10. A method for exchanging a first catheter disposed within a patient with a second catheter, the method comprising:

coupling a first end of a coupler to the first catheter;

coupling a second end of the coupler to the second catheter, such that the first catheter is coupled to the second catheter via the coupler; and

removing the first catheter from the patient and advancing the second catheter within the patient by displacing the first catheter, such that the displacement of the first catheter removes the first catheter from the patient and simultaneously advances the second catheter within the patient.

11. The method of claim 10, wherein coupling the first end of the coupler to the first catheter is accomplished by inserting the first end of the coupler into a lumen of the first catheter.

12. The method of claim 10, wherein coupling the second end of the coupler to the second catheter is accomplished by inserting the second end of the coupler into a lumen of the second catheter.

13. The method of claim 10, further comprising inserting a guidewire through the first catheter, the coupler, and the second catheter.

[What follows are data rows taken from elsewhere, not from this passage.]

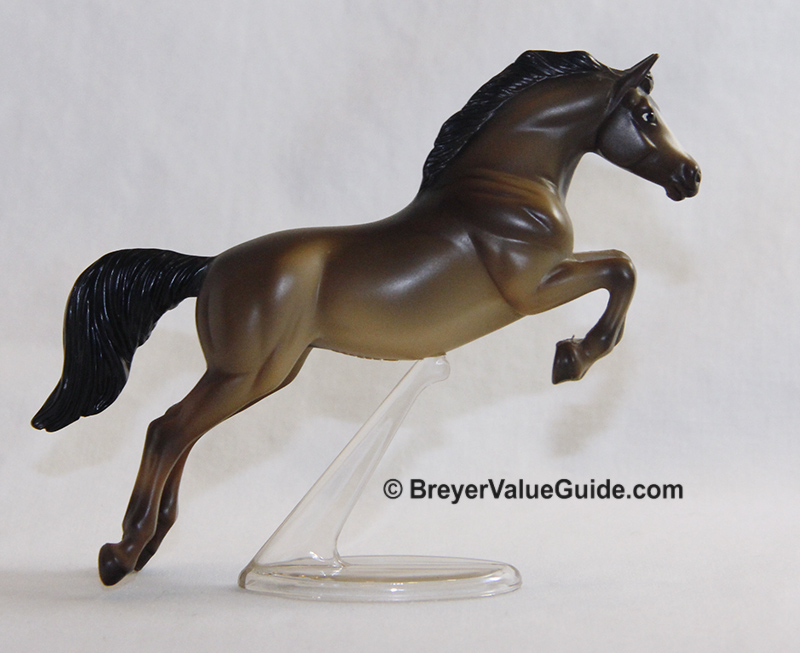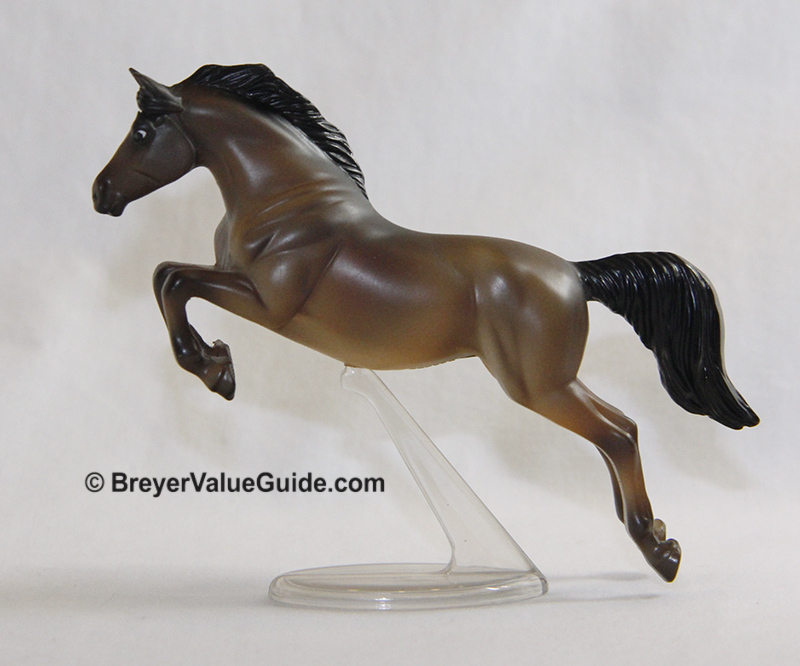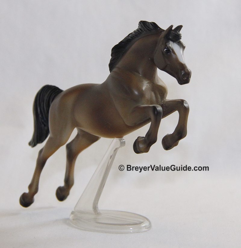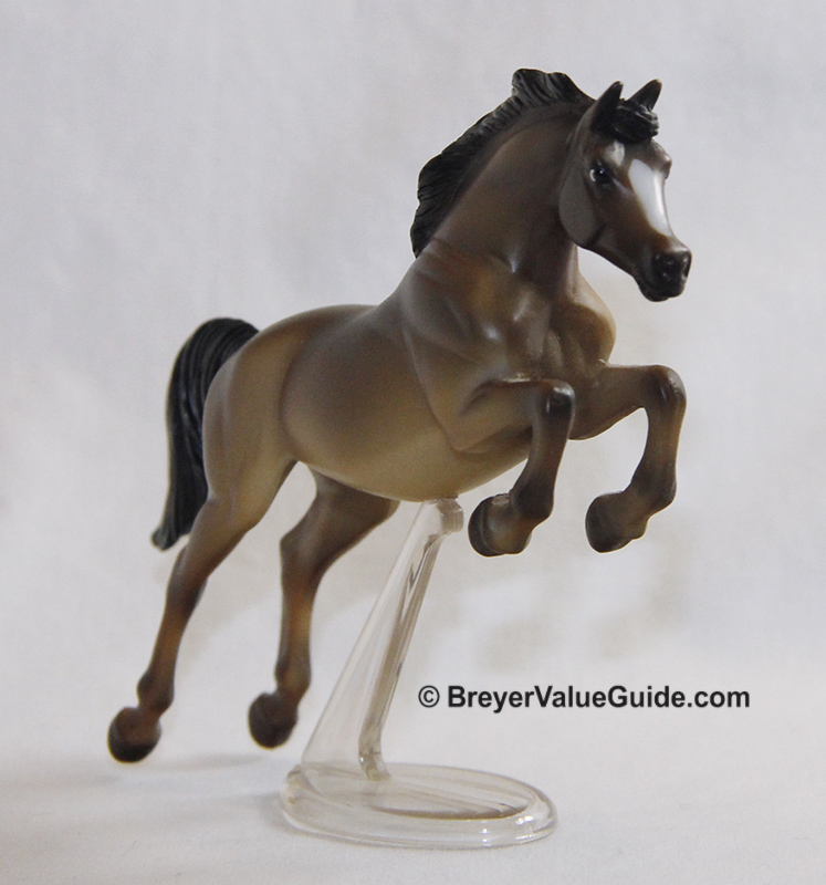 Matte shaded light bay; black mane and tail; elongated star; Kmart release
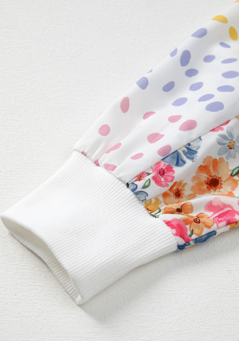 Add a touch of playful elegance to your wardrobe with the Floral Patchwork Sleeve Sweatshirt. This cozy top features a neutral cream base, highlighted by vibrant, multicolored floral and polka-dotted patchwork sleeves, making it a statement piece that effortlessly blends comfort and style. With its oversized fit and ribbed cuff detailing, this sweatshirt offers both a relaxed vibe and a chic edge. Pair it with your favorite denim or leggings for a laid-back yet stylish look.
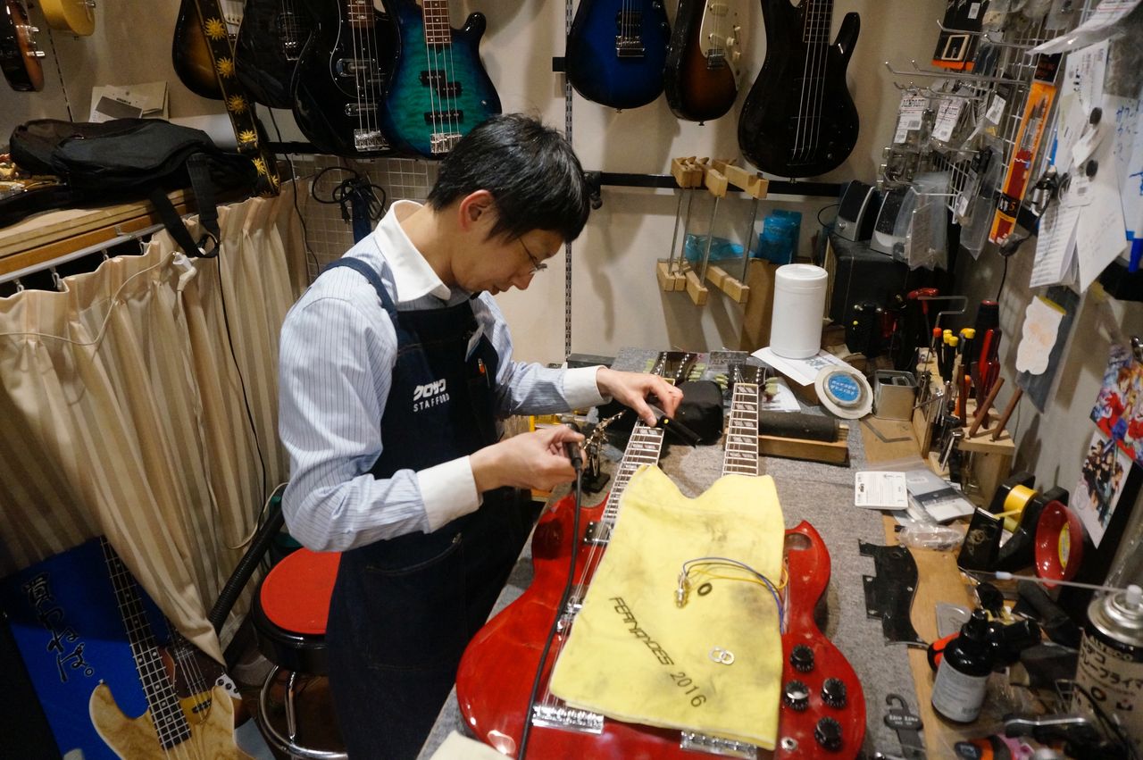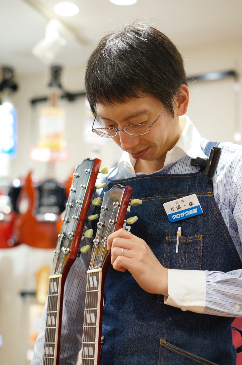 ここで店長の松浦一雄さんにいろいろ見方を教えてもらいました。一言で言えば「細部は甘い」とのこと。隙間があったり、フレットに削る目標となる赤い印が残っていたり。ピックアップの高さが違っていたり、フレットの浮きもあるようでした。
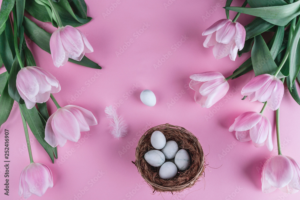 Easter eggs in nest and tulip flowers on spring background. Top view with copy space. Happy Easter card
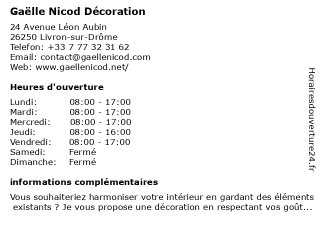 1 Maître Gaëlle Auger - Avocate (Distance: 8,13 km) 52 grande rue, 26800 Etoile sur Rhone auger, avocate, avocats, civils, droits, gaëlle, juridiques, maître 2 Maître Gaëlle Reboul - Avocat (Distance: 17,88 km) 77 rue Faventines, 26000 Valence avocat, gaëlle, justice, lois, maitre, maître, reboul 3 Gaëlle Mahec - Sage-femme (Distance: 18,08 km) 25 Avenue Félix Faure, 26000 Valence du, femme, gaelle, gaëlle, mahec, maternité, périnée, rééducation, sage, uro-gynécologique 4 Mélanie Rousset Décoration (Distance: 18,14 km) 431 avenue de la République, 07500 Guilherand-Granges agencement, aménagement, architecture, décoration, interieur, mélanie, rousset 5 SARL Gaëlle Maurin - Office notarial (Distance: 18,98 km) 72 Route De La Coucourde, 26740 Sauzet assoc, biens, gaëlle, maurin, notaire, notaires, notarial, office, sarl 6 Gaëlle Alberici - Sophrologue (Distance: 25,24 km) 8 Rue André Ducatez, 26200 Montélimar alberici, gaëlle, medecin, sante, sophro, sophrologue |
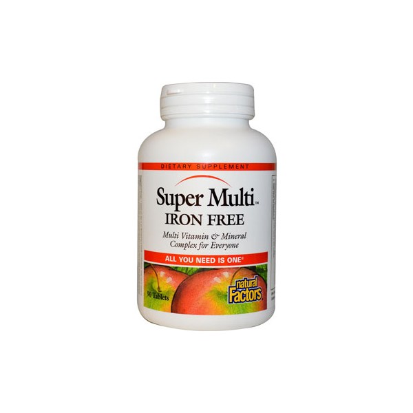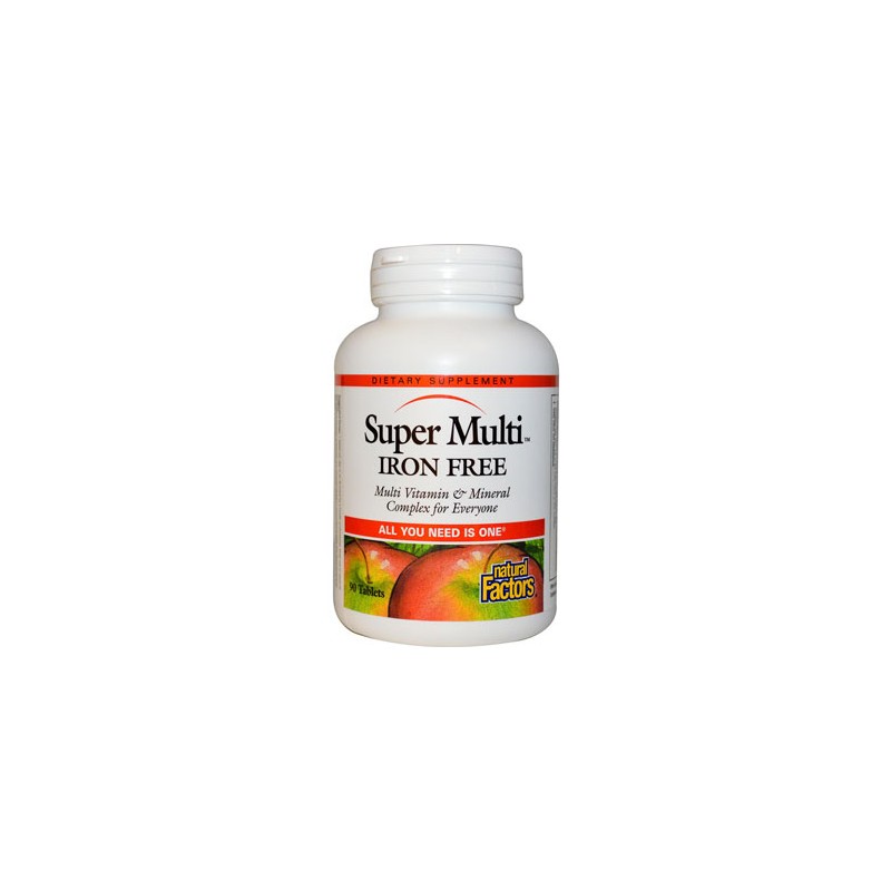 Natural Factors Super Multi Iron Free An excellent medium strength one-per-day multi vitamin/mineral tablet. This formula is ideal for men, menopausal women and others not requiring additional dietary iron. New research suggests that few people require more iron than they get in food.

14. A catheter kit comprising:

a second catheter that includes a lumen extending from a first end to a second end of the catheter; and

a coupler that includes barbs disposed at least at a first end and a second end of the coupler,

wherein the coupler is configured to couple to a first catheter previously disposed in a patient and the second catheter by coupling the first end of the coupler to the first catheter and coupling the second end of the coupler to the second catheter,

wherein the coupler has a central body portion that is disposed between the at least one barb disposed on the first end and the at least one barb disposed on the second end, and

wherein the central body portion is flexible and allows the central body portion to bend.

15. The catheter kit of claim 14, further comprising a coupler handle coupled to the coupler that is configured to be detached from the coupler with a predetermined amount of force.

16. The catheter kit of claim 14, wherein the coupler is pre-coupled to the catheter.

17. The catheter exchange system of claim 1, wherein the central body portion comprises a flange with a plurality of flex slots disposed on both sides of the flange.